El Cogote had always been in love with a certain young lady in Madrid. A disgrace befell her family. Her father was accused of some crime and went to prison. Some people say that it was a frame-up. Others say that he was guilty. Just the same, the fact remains that he went to jail.

Some people in Spain take such disgraces entirely too seriously and often seek consolation in religion. However, whether that was the only reason, which does not seem likely, or whether there was some other motive, which the friend who told me suspects, Carmen — that was the young lady’s name — was sent to a convent in North Spain to be a nun.

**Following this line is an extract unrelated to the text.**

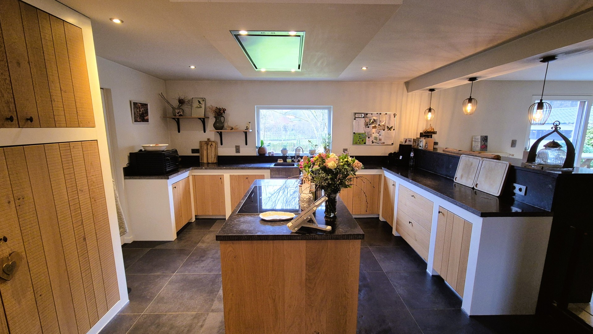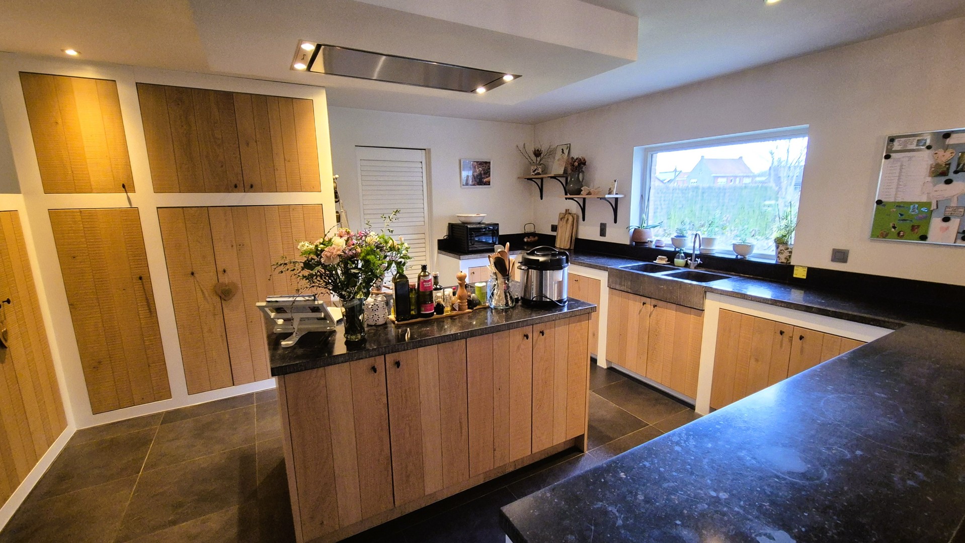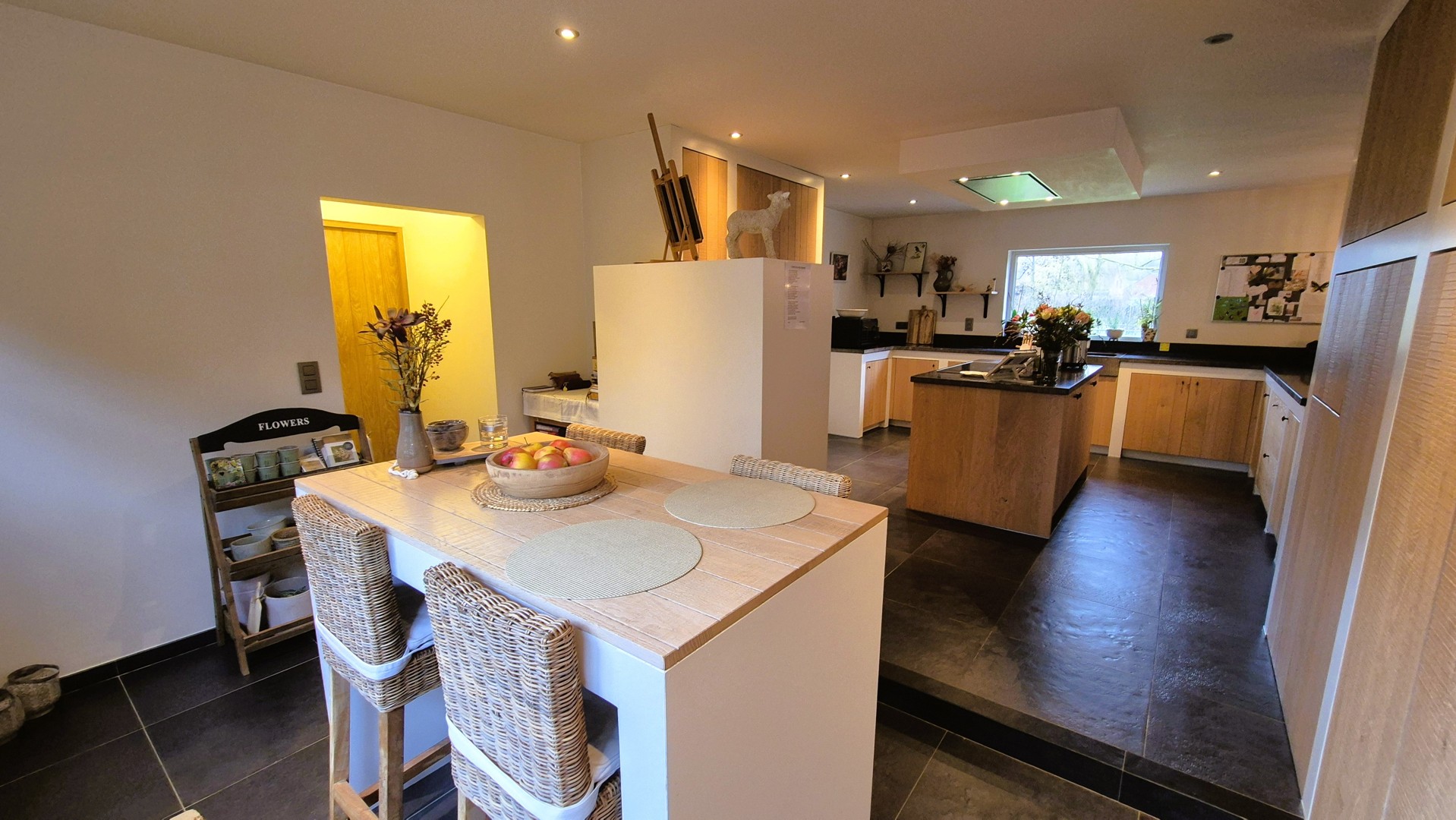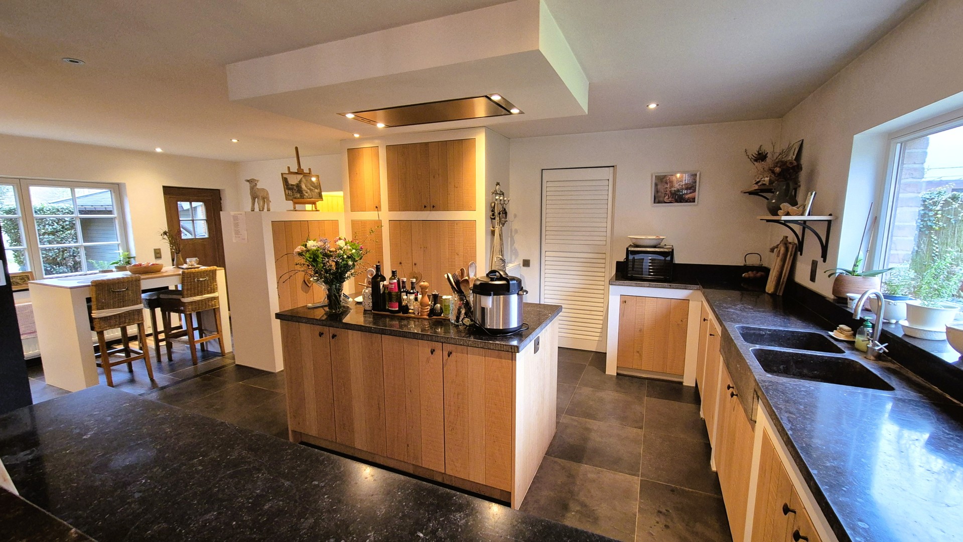 De hoofdwoning (nieuwbouw in 2003) heeft een bruikbare vloeroppervlakte van maar liefst 246 m² en omvat een inkomhal met op maat gemaakte inbouwkasten, een ruime leefruimte met salon en gashaard, een geïntegreerd bureau met inbouwkasten, een grote kwaliteitsvolle keuken met kookeiland (5 pits inductiekookplaat), steamer Miele, vaatwasser Miele,… afwerking met natuurstenen werkblad en heel veel kastruimte, koele berging, apart toilet (hangWC), badkamer (gelijkvloers) met dubbele lavabo, ligbad en douche, een aparte wasplaats met ook technieken (CV ketel Viessman en zonneboiler) en een inpandige garage met elektrische sectionaal poort.

They say that there a priest from a nearby convent fell in love with her and later committed suicide. This, according to my friend, is a fictional touch added by people’s imagination. But what he tells me as authentic is that El Cogote and Carmen, his sweetheart, could not console themselves for the separation imposed upon them by her family.

The result is that El Cogote visited the town where the convent was and one night the nun eloped with him. He took her back to Madrid with him as his mistress.

Apparently the reaction from her restricted past and the still more restricted environment of the convent, threw her to the other side of the balance. Under the demoralizing influence of her lover and a mad thirst for freedom, she led the most unbridled, licentious life. Soon after their arrival in Madrid, El Cogote, who during his trip to the North had accumulated a respectable amount of money from unknown sources, opened a luxurious amusement place in which the main attraction was the former nun.